As of Thursday afternoon, Sen. Rand Paul was blocking the passage of a $40 billion bill ostensibly meant to help Ukraine defeat Russia. That followed on the heels of Rep. Chip Roy absolutely lambasting the spending package, noting that he and his colleagues didn’t even get a chance to read it.
Per my prior write-up on the matter, that anger is righteous and justified. The bill in question is full of unrelated expenditures and provides essentially no accountability or safeguards regarding money that does go to Ukraine.
With that backstop, Tucker Carlson took to the airwaves on Wednesday evening and delivered what I believe to be his best monologue of the year. In a takedown for the ages, the Fox News host not only took the bill itself to the cleaners, but he also lit into Republicans who pushed for it when far more responsible, nuanced approaches were available.
I don’t often watch cable news, but when I saw this clip pop up on YouTube, I watched all 20 minutes of it. It’s that good.
I won’t recap everything Carlson says because again, it’s much more satisfying to actually watch the video. But as an overview, he begins by critiquing the urgency with which Congress is moving to send tens of billions of dollars to Ukraine in a manner that offers no real oversight.

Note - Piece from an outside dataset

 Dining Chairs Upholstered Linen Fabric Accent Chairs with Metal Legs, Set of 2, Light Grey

On the domestic front, Americans are told we can’t afford to secure the border or solve the overdose crisis, both things Carlson mentions, but the moment Ukraine needs more money than we spent in Afghanistan over the course of the last year we were there, suddenly, we’ve got it.

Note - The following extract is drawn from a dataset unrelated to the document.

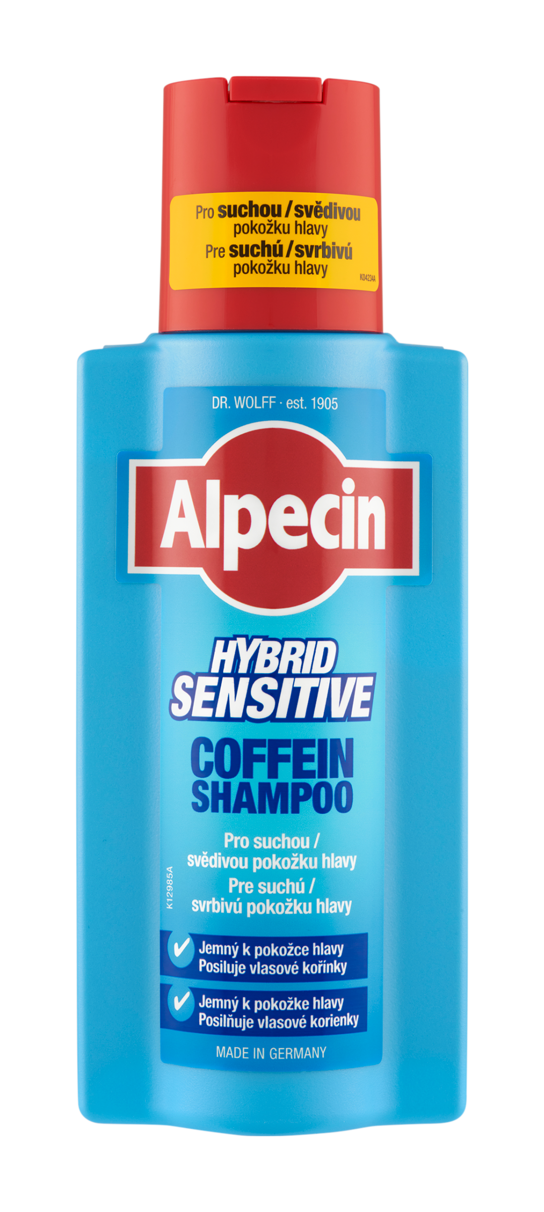 Více než jeden muž ze čtyř trpí tím, že má citlivou pokožkou hlavy. Svědění, suchost, začervenání nebo pocit napětí – pokožka hlavy reaguje obzvlášť citlivě v závislosti na dispozicích jednotlivých osob. Příčinou může být nedostatečná produkce mazových žláz, která ohrožuje přirozenou rovnováhu pokožky hlavy. To má za následek suchou, citlivou pokožku hlavy. Alpecin Hybrid kofeinový šampon byl vyvinut jako možné řešení tohoto problému. Šampon čistí vlasy velmi jemně a šetrně. Hydratuje a zklidňuje pokožku hlavy. Zároveň „palivo“ v podobě kofeinu stimuluje kořínky vlasů. Dochází tak k posilování vlasových kořínků a prevenci dědičného vypadávání vlasů.

Certainly, that rubs some people the wrong way. That’s not because supporting Ukraine isn’t a worthy cause, but because the way Congress is going about it is unsustainable and irresponsible. As Carlson notes, $40 billion is more than Russia spends on its entire military in a year. It’s $7 billion more than Joe Biden even asked for. And a lot of that money isn’t even going to Ukraine.
But after mocking Pelosi’s citing of the Bible to justify sending more missiles to Ukraine (the Bible need not apply in regards to abortion, of course), Carlson then turned his sights on congressional Republicans. Why? Because a majority of them jumped on board of this massive spending bill, with no debate and not a single care about whether we could afford it or if it was responsibly administered.
Carlson lit into Sen. Mitch McConnell, who earlier in the week called Ukraine the world’s “top priority.” A border wall, though? McConnell couldn’t be bothered to use reconciliation to get that done when he had the chance. Meanwhile, Sen. Lindsey Graham is proclaiming “there is no off-ramp” for Russia, a ridiculous notion given the alternative could be a prolonged, deadly war. But, when has that ever bothered Graham?
From there, Carlson hit Dan Crenshaw, who had recently said that the Ukraine bill was necessary to fight a proxy war against Russia. When did we declare war on Russia?
I’ll stop there so as to not spoil the entire thing, but needless to say, Carlson was at his peak in this monologue. And while I’m openly supportive of Ukraine against Putin’s invasion, there are smarter ways to go about it than this. Unfortunately, Washington is not full of the nation’s best and brightest.